» **DATA BLOCK**
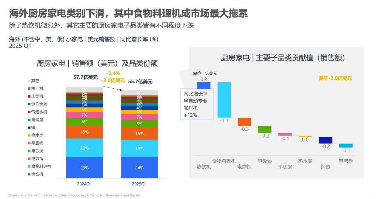 海外廚房家電市場(chǎng)出現(xiàn)下滑,今年一季度銷售額55.7億美元,同比下降3.4%。除了熱飲機(jī)銷售額同比微漲0.2%以外,其它主要廚房家電子品類皆有不同程度下跌,其中食物料理機(jī)成市場(chǎng)最大拖累。整體來(lái)看,小家電市場(chǎng)中那些精準(zhǔn)瞄準(zhǔn)增長(zhǎng)領(lǐng)域的挑戰(zhàn)者品牌,成功實(shí)現(xiàn)了最大程度的擴(kuò)張,并進(jìn)一步延伸至新的產(chǎn)品細(xì)分領(lǐng)域或品類。
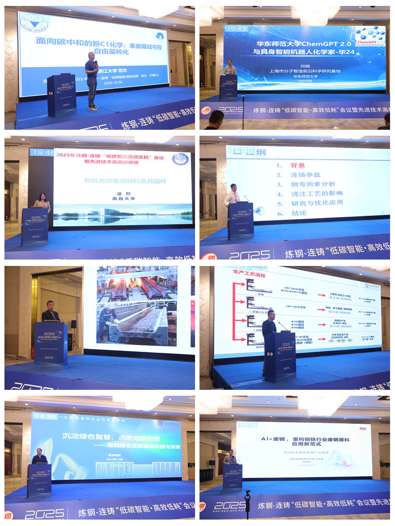 大会报告环节,马钢集团原党委书记兼董事长丁毅、中国贸促会冶金行业分会顾问王定洪、南昌航空大学副校长邹建平、安徽大学朱满洲、大连理工大学陶胜洋、东华大学乔锦丽、武汉大学陈胜利、浙江大学范杰、华东师范大学何晓、南昌大学谌烈、宝钢中央研究院陈志平、马钢有限公司沈昶、新兴铸管左小坦、南京钢铁车马俊、用友集团赵东伟、我校工程研究院张立强、化学与化工学院刘明凯、江苏省钢铁行业协会陈洪冰、中冶华天张晨等19位专家作了大会报告。报告围绕钢铁行业节能降碳与高质量发展、智能炼钢及连铸技术、化学反应过程数字化与智能化设计、新能源催化体系、AI在冶金化工领域的应用等主题展开。
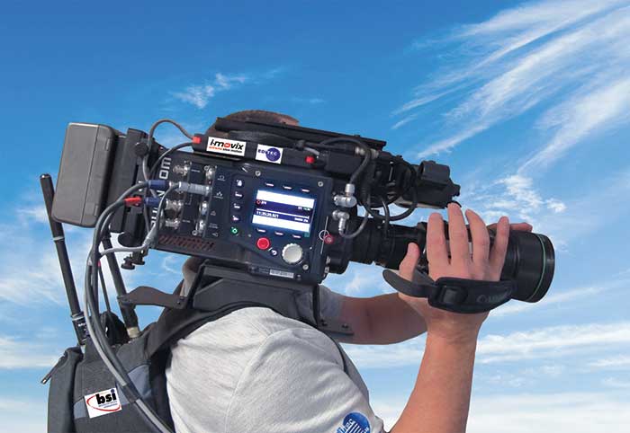 “The integration work carried out by BSI was excellent. Tony Valentino and his team produced a very neat back pack solution, the backpack containing all of the RF equipment and one of two batteries, the i-Movix interface module being camera mounted together with the second battery. The result is a true dual output hand-held camera will full camera controls – just as it would be with a SMPTE fibre connection.”
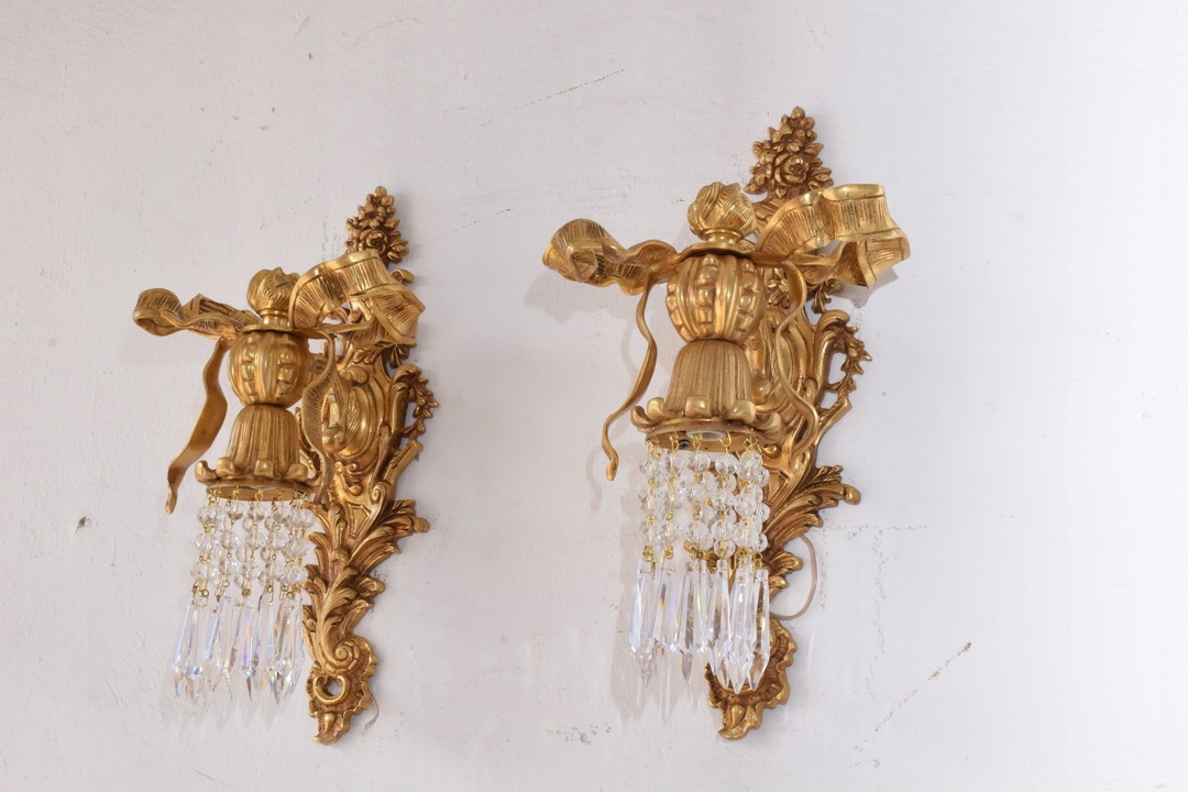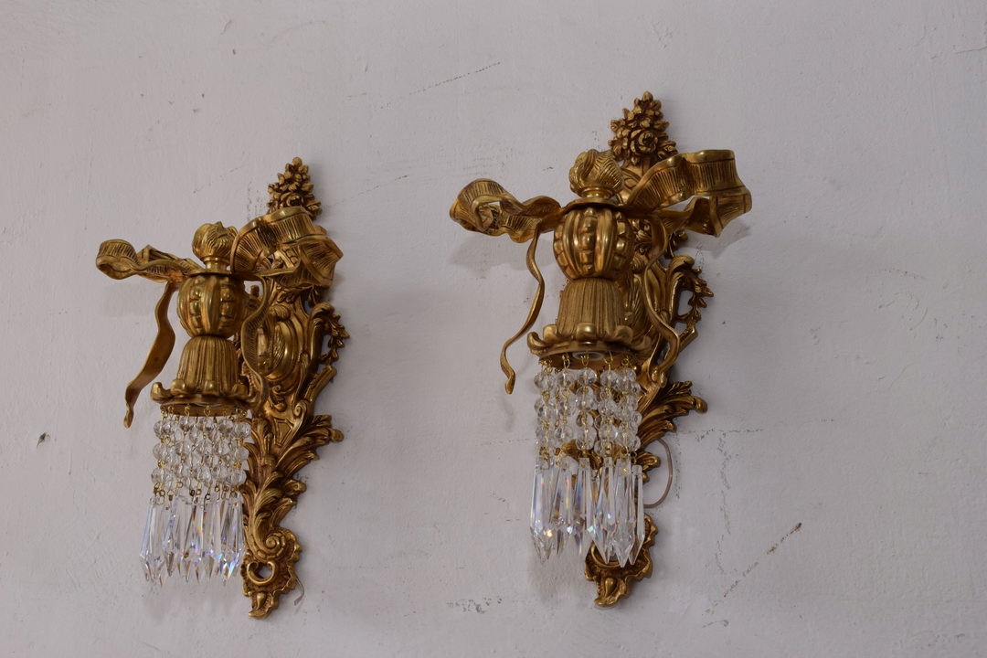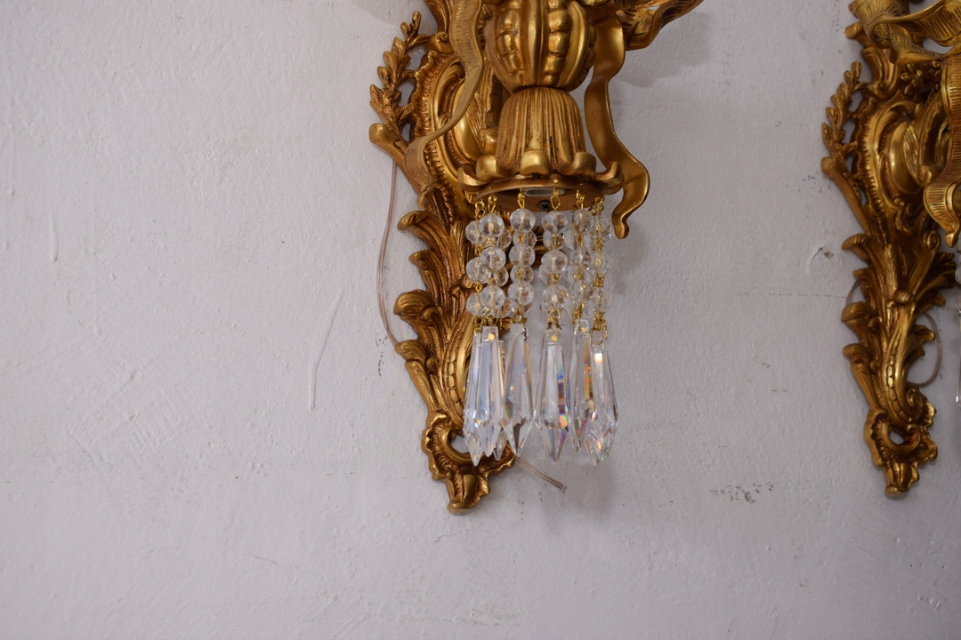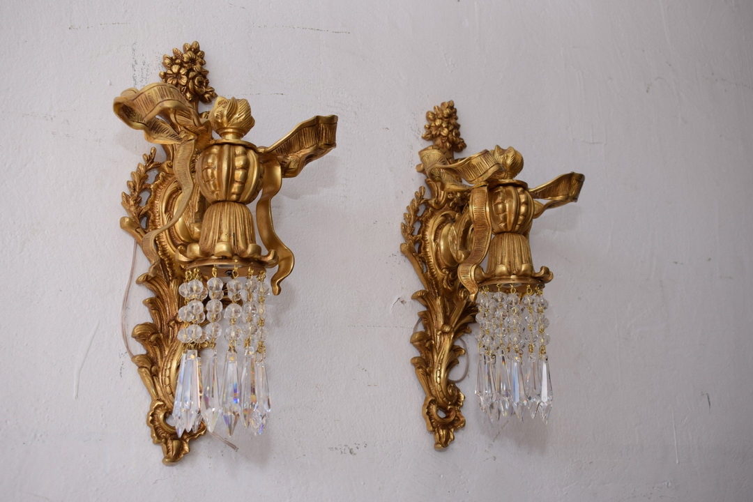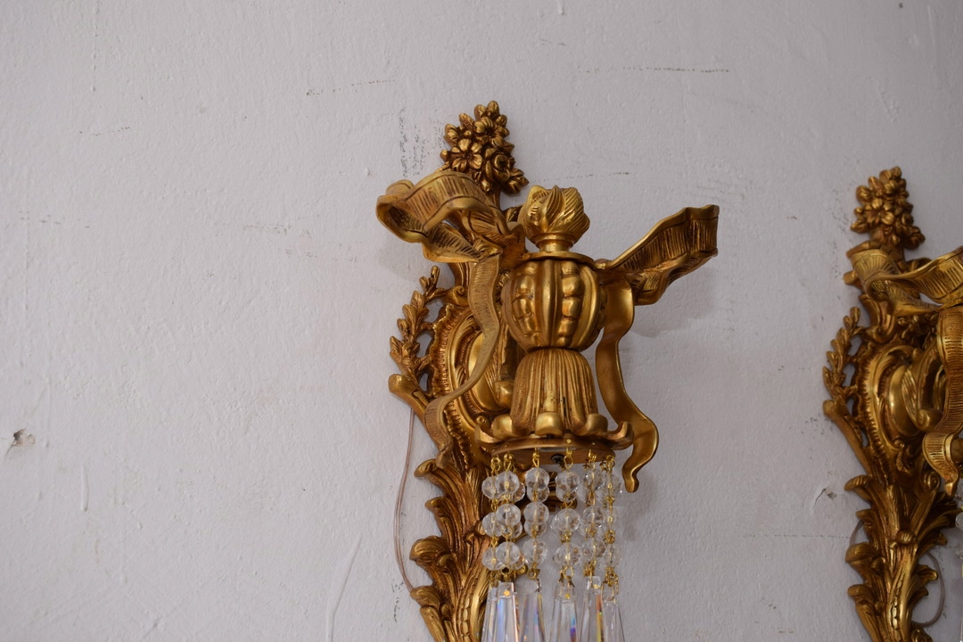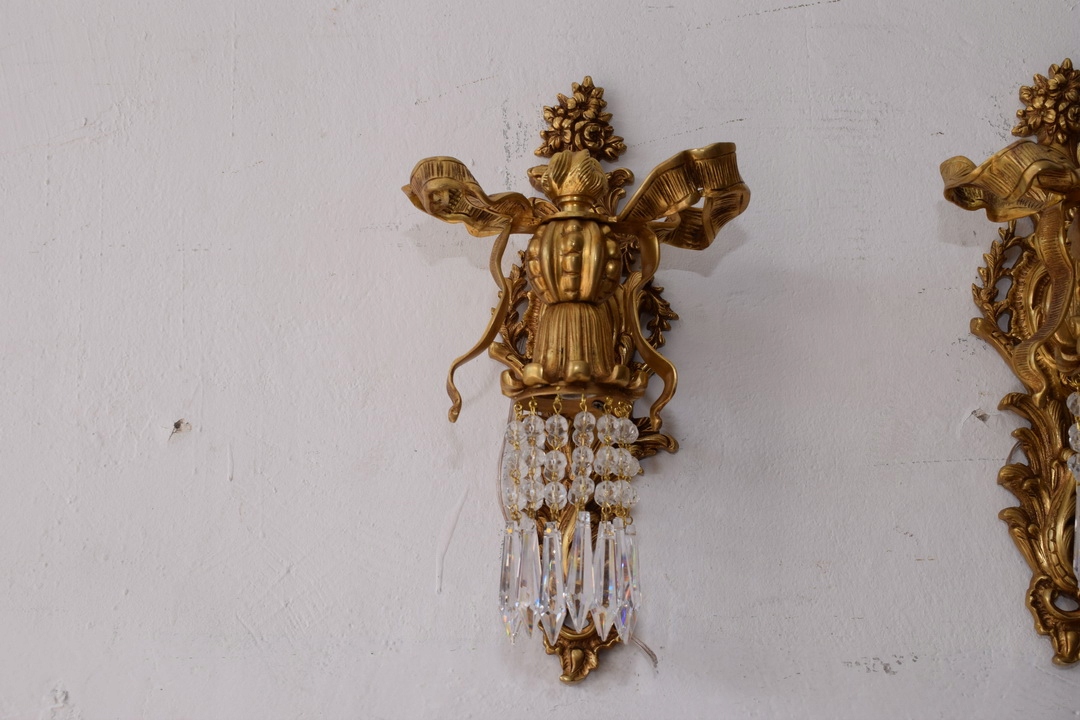 Два Бронзових палацових бра - Імперські свічники - Кристали - Банти

» **WHAT THE TASK ASKS**
Only the lines from the beginning of the listing through the line with "大会报告环节,马钢集团原党委", both ends included, are to be repeated exactly; pictures stay out.

» **TASK OUTPUT**
 海外廚房家電市場(chǎng)出現(xiàn)下滑,今年一季度銷售額55.7億美元,同比下降3.4%。除了熱飲機(jī)銷售額同比微漲0.2%以外,其它主要廚房家電子品類皆有不同程度下跌,其中食物料理機(jī)成市場(chǎng)最大拖累。整體來(lái)看,小家電市場(chǎng)中那些精準(zhǔn)瞄準(zhǔn)增長(zhǎng)領(lǐng)域的挑戰(zhàn)者品牌,成功實(shí)現(xiàn)了最大程度的擴(kuò)張,并進(jìn)一步延伸至新的產(chǎn)品細(xì)分領(lǐng)域或品類。
 大会报告环节,马钢集团原党委书记兼董事长丁毅、中国贸促会冶金行业分会顾问王定洪、南昌航空大学副校长邹建平、安徽大学朱满洲、大连理工大学陶胜洋、东华大学乔锦丽、武汉大学陈胜利、浙江大学范杰、华东师范大学何晓、南昌大学谌烈、宝钢中央研究院陈志平、马钢有限公司沈昶、新兴铸管左小坦、南京钢铁车马俊、用友集团赵东伟、我校工程研究院张立强、化学与化工学院刘明凯、江苏省钢铁行业协会陈洪冰、中冶华天张晨等19位专家作了大会报告。报告围绕钢铁行业节能降碳与高质量发展、智能炼钢及连铸技术、化学反应过程数字化与智能化设计、新能源催化体系、AI在冶金化工领域的应用等主题展开。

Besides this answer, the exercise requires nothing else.